WHAT THE TASK ASKS -
Under this line is some data; print exactly the lines from the one containing "Relógio de couro" through its last line, without pictures.

STORED DATA -
▽

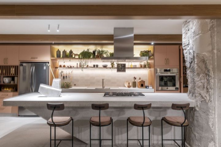 O escritório Figueiredo & Fischer Arquitetos projetou para Casa Líder uma atmosfera de bem-estar, com decoração de caráter rústico. O espaço exibe paredes com acabamento feito de terra, piso de cacos de granito, além de painéis e forro de madeira. Na cozinha, metais em tom Corten potencializam o conceito com o Monocomando Deca You Click e Acionamento Flat. Já a Cuba tripla Wish, em Inox, se soma a soluções pensadas para um design funcional.
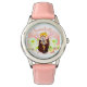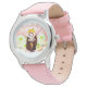 Relógio de couro rosa, de aço floral, bonito, com panda vermelha / mãe menor panda segurando seu bebê. Personalize com seu nome. Você pode encontrar produtos de panda vermelho na minha loja.
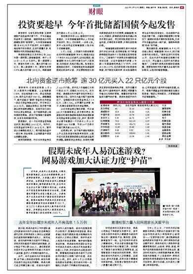特别报道 近年来,未成年人沉迷游戏、大额充值的新闻频发。在过去的寒假假期,由于疫情防控局势,大多数人减少了新春团拜活动,这更容易导致未成年人接触游戏时间增加。据网易游戏介绍,企业针对社会关

△

FINISHED TASK -
 Relógio de couro rosa, de aço floral, bonito, com panda vermelha / mãe menor panda segurando seu bebê. Personalize com seu nome. Você pode encontrar produtos de panda vermelho na minha loja.
特别报道 近年来,未成年人沉迷游戏、大额充值的新闻频发。在过去的寒假假期,由于疫情防控局势,大多数人减少了新春团拜活动,这更容易导致未成年人接触游戏时间增加。据网易游戏介绍,企业针对社会关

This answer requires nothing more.